我正在运行 github 存储库 tensorflow/object_deteciton 中的典型代码： https : //github.com/tensorflow/models/tree/master/research/object_detection

特别是“object_detection_tutorial.ipynb”文件。 主循环是这里的这一节：

with detection_graph.as_default():
  with tf.Session(graph=detection_graph) as sess:
    # Definite input and output Tensors for detection_graph
    image_tensor = detection_graph.get_tensor_by_name('image_tensor:0')
    # Each box represents a part of the image where a particular object was detected.
    detection_boxes = detection_graph.get_tensor_by_name('detection_boxes:0')
    # Each score represent how level of confidence for each of the objects.
    # Score is shown on the result image, together with the class label.
    detection_scores = detection_graph.get_tensor_by_name('detection_scores:0')
    detection_classes = detection_graph.get_tensor_by_name('detection_classes:0')
    num_detections = detection_graph.get_tensor_by_name('num_detections:0')
    for image_path in TEST_IMAGE_PATHS:
      image = Image.open(image_path)
      # the array based representation of the image will be used later in order to prepare the
      # result image with boxes and labels on it.
      image_np = load_image_into_numpy_array(image)
      # Expand dimensions since the model expects images to have shape: [1, None, None, 3]
      image_np_expanded = np.expand_dims(image_np, axis=0)
      # Actual detection.
      (boxes, scores, classes, num) = sess.run(
          [detection_boxes, detection_scores, detection_classes, num_detections],
          feed_dict={image_tensor: image_np_expanded})
      # Visualization of the results of a detection.
      vis_util.visualize_boxes_and_labels_on_image_array(
          image_np,
          np.squeeze(boxes),
          np.squeeze(classes).astype(np.int32),
          np.squeeze(scores),
          category_index,
          use_normalized_coordinates=True,
          line_thickness=8)
      plt.figure(figsize=IMAGE_SIZE)
      plt.imshow(image_np)

我只是在寻找一些关于实际保存图像在数据框中识别的内容的最佳方法的建议，该数据框理想地存储为图像中检测到的每个对象检测到的对象的类别。

任何帮助将不胜感激（：

Answer 1

好吧，我猜有点晚了，但我现在正在研究这个。 所以我在几天内经历了同样的痛苦，最终得到了一些工作。 只是将自己限制在您的代码片段中，我添加了一些片段并得到了这个：

# Initialize hitlist
hitf = open("hitlist.csv",'w')
hitf.write('image,class,score,bb0,bb1,bb2,bb3\n')
hitlim = 0.5

with detection_graph.as_default():
    with tf.Session(graph=detection_graph) as sess:
        # Definite input and output Tensors for detection_graph
        image_tensor = detection_graph.get_tensor_by_name('image_tensor:0')
        # Each box represents a part of the image where a particular object was detected.
        detection_boxes = detection_graph.get_tensor_by_name('detection_boxes:0')
        # Each score represent how level of confidence for each of the objects.
        # Score is shown on the result image, together with the class label.
        detection_scores = detection_graph.get_tensor_by_name('detection_scores:0')
        detection_classes = detection_graph.get_tensor_by_name('detection_classes:0')
        num_detections = detection_graph.get_tensor_by_name('num_detections:0')

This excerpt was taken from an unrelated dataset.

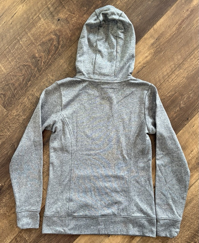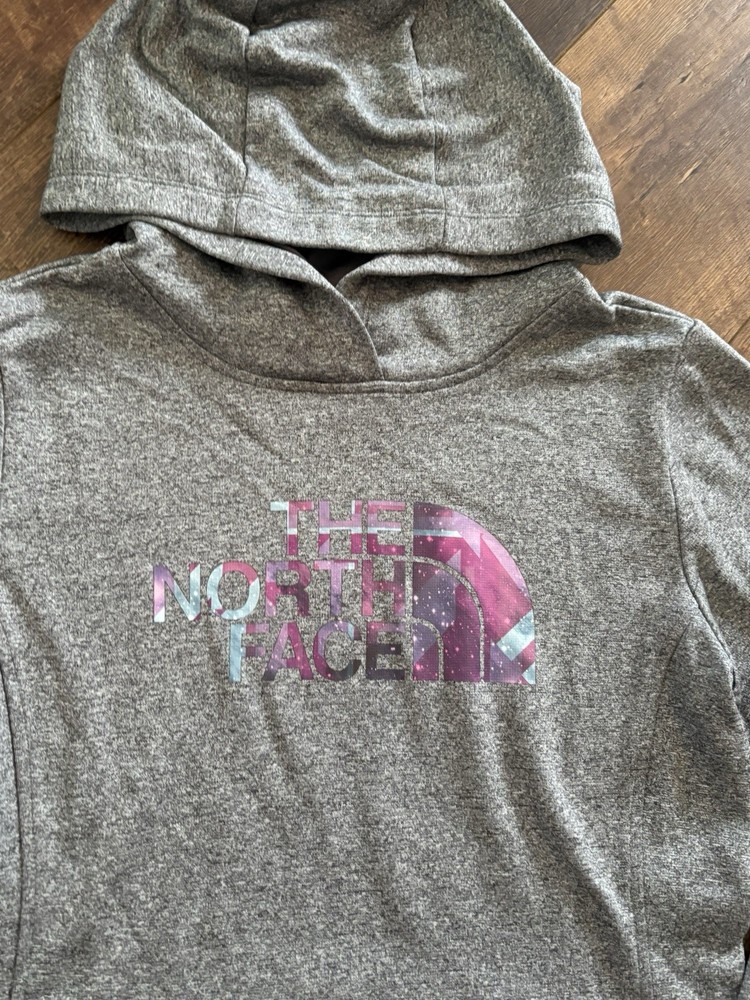 The North Face Women's Grey Pullover Hoodie in size S features a stylish pink logo on the front. Made of polyester, this long-sleeve hoodie is perfect for casual occasions during the winter, fall or spring seasons. Representing the outdoor theme, this hoodie is a versatile and trendy addition to any woman's wardrobe. Perfect for outdoor activities or everyday wear, this hoodie combines functionality with a fashionable design.

        for image_path in TEST_IMAGE_PATHS:
          image = Image.open(image_path)
          # the array based representation of the image will be used later in order to prepare the
          # result image with boxes and labels on it.
          image_np = load_image_into_numpy_array(image)
          # Expand dimensions since the model expects images to have shape: [1, None, None, 3]
          image_np_expanded = np.expand_dims(image_np, axis=0)
          # Actual detection.
            (boxes, scores, classes, num) = sess.run(
              [detection_boxes, detection_scores, detection_classes, num_detections],
              feed_dict={image_tensor: image_np_expanded})

          # Write the results to hitlist - one line per hit over the 0.5
            nprehit = scores.shape[1] # 2nd array dimension
            for j in range(nprehit):
                fname = "image"+str(i)
                classid = int(classes[i][j])
                classname = category_index[classid]["name"]
                score = scores[i][j]
                if (score>=hitlim):
                    sscore = str(score)
                    bbox = boxes[i][j]
                    b0 = str(bbox[0])
                    b1 = str(bbox[1])
                    b2 = str(bbox[2])
                    b3 = str(bbox[3])
                    line = ",".join([fname,classname,sscore,b0,b1,b2,b3])
                    hitf.write(line+"\n")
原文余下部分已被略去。